Though Phil the groundhog says we have six more weeks of winter, it’s beginning to feel more like spring in Texas. With the warmer weather drawing near, you may start to notice the cold weather was particularly harsh on your car this year.

How can you avoid this?

Here are a few, simple ways you can de-winterize your vehicle, while also protecting yourself from costly auto repairs as well as dangerous driving situations.

Stay Cool
Coolant doesn’t only keep your car from overheating, it also protects your engine against corrosion. Every vehicle requires a certain ratio of antifreeze to water. To check the composition of your radiator’s fluid, you can pick-up an inexpensive anti-freeze tester at your local auto parts store. Your owner’s manual or mechanic can explain what ratio is best for your car; or most vehicles, a winter ratio is 60% coolant to 40% water. Using a coolant with ethylene glycol can also help protect your engine.

Wipe It Up
Those who have driven behind a truck that kicks up slushy, winter mud on your windshield can appreciate the importance of wipers and washer fluid. For best results in cleaning off all that winter grime, select a washer fluid with an antifreeze solution, but be careful as some harsh washer fluids can damage your car’s paint.

Belt It Out
Cold temperatures can weaken and tear the belts and hoses that help make your engine run smoothly. Stop by your local auto repair shop and have them check that all belts and hoses are working efficiently and are undamaged.

Tire Pressure
Have you ever noticed your car’s tire pressure light sometimes comes on during the winter? Or maybe you’ve noticed that your car just isn’t getting the same gas mileage as it used to? Under-inflated tires can lower your gas mileage and are typically more prone to damage (flats, blow-outs, etc.). Check your tire pressure to make sure the cold weather hasn’t deflated them.

Battery Test
Extremely cold weather can reduce a car’s battery life by 50%! To ensure you don’t get stranded with a dead battery, check your car’s battery life.

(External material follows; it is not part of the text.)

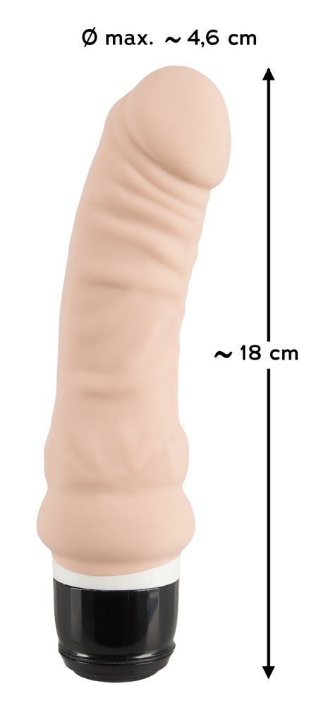 Długość całkowita 18 cm, długość wkładki 14,5 cm, Ø 4,6 cm. Silikon, PU, ABS.

There is a simple test you can do to check the life of your battery before getting a mechanic involved. Turn on the vehicle’s headlights before starting the engine. If the headlights get brighter once the engine has been started, a more detailed battery test is needed.

Taking these steps now to ensure your car has withheld any damages from winter will not only save you time, but will keep you from paying a hefty car repair bill.